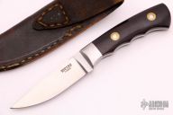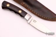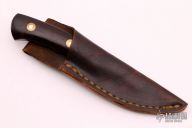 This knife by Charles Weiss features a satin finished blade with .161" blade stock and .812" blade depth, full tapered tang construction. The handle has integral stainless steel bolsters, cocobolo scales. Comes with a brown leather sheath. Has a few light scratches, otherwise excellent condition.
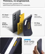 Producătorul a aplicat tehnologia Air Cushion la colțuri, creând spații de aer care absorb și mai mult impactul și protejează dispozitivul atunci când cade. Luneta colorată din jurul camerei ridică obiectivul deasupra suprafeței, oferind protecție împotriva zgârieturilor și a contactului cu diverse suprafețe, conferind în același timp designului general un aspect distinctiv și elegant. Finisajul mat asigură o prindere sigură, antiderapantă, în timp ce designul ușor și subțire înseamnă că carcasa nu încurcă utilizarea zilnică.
● ● ●
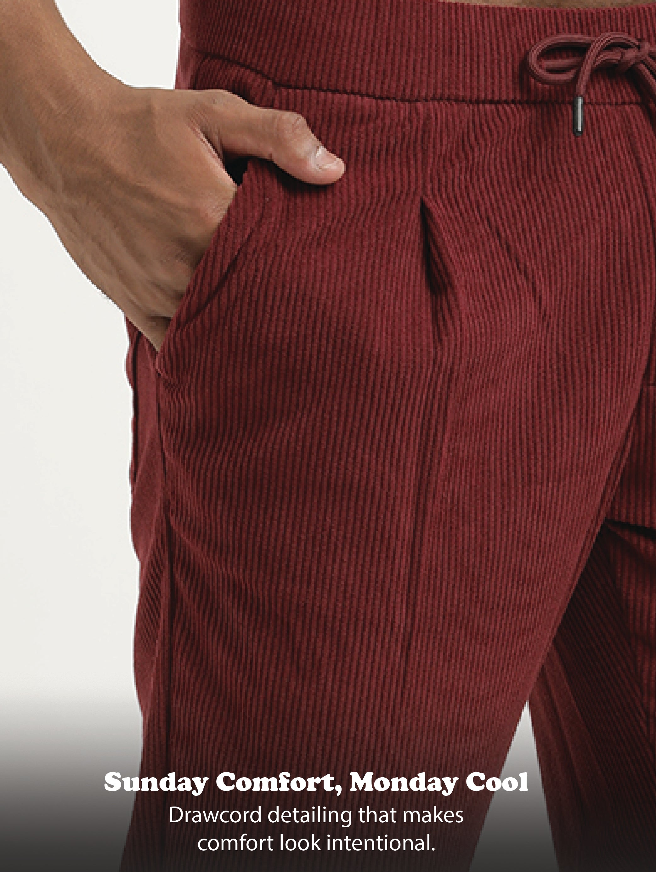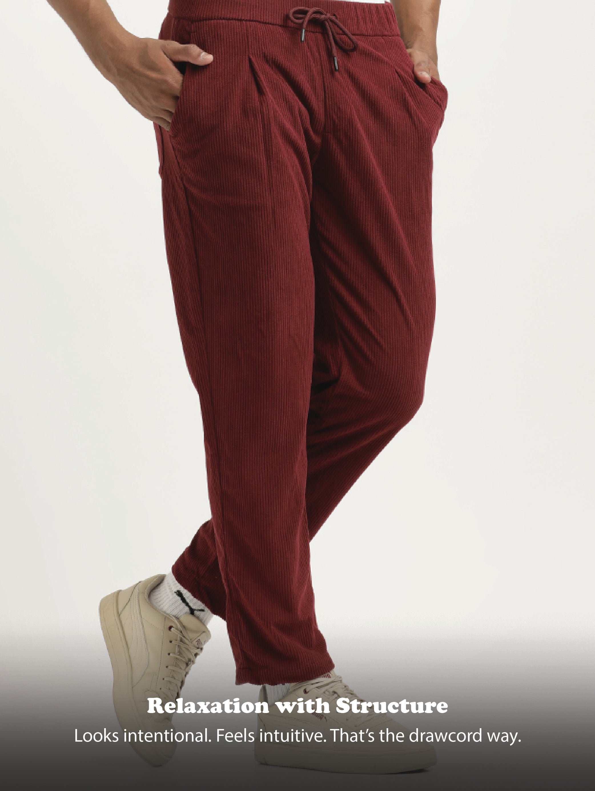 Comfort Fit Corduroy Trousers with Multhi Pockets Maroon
● ● ●
§ Aim of the task: Print exactly the lines above that run from the one with "This knife by" down to the one with "Producătorul a aplicat", and omit the pictures.

§ Answer box:
 This knife by Charles Weiss features a satin finished blade with .161" blade stock and .812" blade depth, full tapered tang construction. The handle has integral stainless steel bolsters, cocobolo scales. Comes with a brown leather sheath. Has a few light scratches, otherwise excellent condition.
 Producătorul a aplicat tehnologia Air Cushion la colțuri, creând spații de aer care absorb și mai mult impactul și protejează dispozitivul atunci când cade. Luneta colorată din jurul camerei ridică obiectivul deasupra suprafeței, oferind protecție împotriva zgârieturilor și a contactului cu diverse suprafețe, conferind în același timp designului general un aspect distinctiv și elegant. Finisajul mat asigură o prindere sigură, antiderapantă, în timp ce designul ușor și subțire înseamnă că carcasa nu încurcă utilizarea zilnică.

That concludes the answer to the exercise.